14. Su un ultimo punto, in proposito, ci sembra importante porre l’attenzione. 
Ci sembra innanzi tutto una (ulteriore) contraddizione in termini qualificare, come fa l’amico Porcaro, dette forze politiche come protezioniste e addirittura xenofobe, salvo poi sostenere che le medesime vorrebbero “una nazione piena di immigrati clandestini … più facilmente sfruttabili”. 
A noi pare, piuttosto, che una tale asserzione sconti una “contaminazione ideologica”, in quanto da un lato non si fonda su reali dati fenomenologici (è anzi di dominio pubblico che Lega Nord e Front National siano contrari all’immigrazione clandestina, e proprio per tale motivo sono ormai identificati in modo semplicistico come forze politiche razziste/xenofobe) e dall’altro, correlativamente, presuppone che il protezionismo sia sempre e comunque negativo.
Il protezionismo, quello autentico (ammesso che il termine abbia un senso univoco fuori dal contestodegli imperialismi europei e del loro naturale sviluppo in termini di controllodei mercati), non può in prima battuta avvantaggiare le PMI, le quali semmai ne traggono solo un vantaggio riflesso e marginale, essendo le stesse – come detto - legate all'intervento pubblico nell'economia nonché alla connessa crescita industriale del territorio. 
Il protezionismo in senso stretto, infatti, avvantaggia l'oligopolio nazionale, che fa “da asso piglia tutto” e non consente di certo - dato il suo panorama istituzionale e il funzionamento della "rendita" rispetto al livello di occupazione - che esista una "frazione debole del capitale".

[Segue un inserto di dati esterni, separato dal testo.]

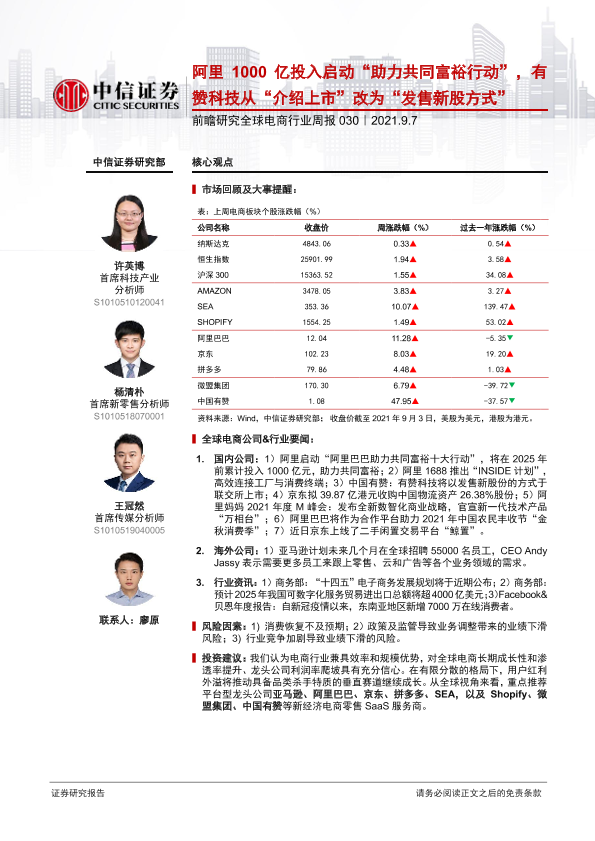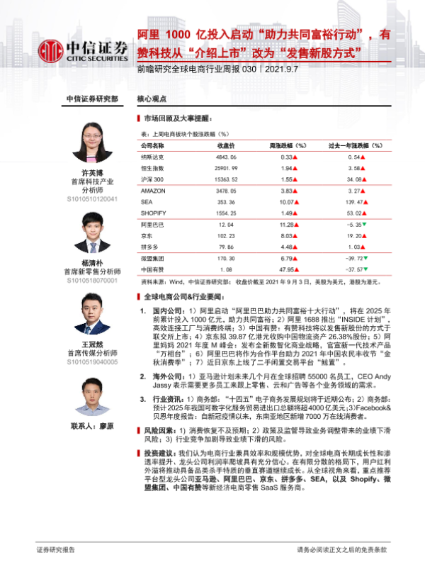 【中信证券】【20210907】前瞻研究全球电商行业周报:阿里1000亿投入启动“助力共同富裕行动”,有赞科技从“介绍上市”改为“发售新股方式”-20页

15. Il grande capitale oligopolistico, infatti, mira sempre e comunque a creare classi subalterne ed oppresse, mantenute a livelli di mera sopravvivenza non dissimili da quelli del medio-piccolo salariato, in linea con la previsione di Marx secondo cui la lotta suprema è combattuta tra due classi soltanto, proletariato e borghesia, senza alcuna distinzione - nell’ambito di quest’ultima - tra frazione debole e dominante del capitale
In definitiva: protezionismo imperialista old style o "internazionalismo cosmopolita" (sempre come definito da Basso nella sua equivalenza al primo, p.2), è sempre e solo la grande impresa finanziarizzata a dominare la scena.
Piuttosto, un protezionismo intelligente, una sapiente “autarchia economica nazionale” in campo merceologico e della forza lavoro erano sostenuti da Keynes [J.M. KEYNES, National Self-Sufficiency, The Yale Review, Vol. 22, no. 4 (June 1933), 755-769] come da Federico Caffè (intellettuali che non possono essere definiti propriamente imperialisti o xenofobi), ci sembrano quanto mai necessari e conformi, in Italia, al dettato della Costituzione. 
[NdQ4] Senza dimenticare quell'anello di congiunzione tra i due costituito dall'illuminante analisi di Kaldor relativa al "vincolo della bilancia dei pagamenti" rispetto alla piena occupazione, e ai diversi modi di risolverlo, cooperando e adottando misure di coordinamento non egoistico tra paesi diversi: cioè esattamente l'opposto di quanto predicato nei trattati europei.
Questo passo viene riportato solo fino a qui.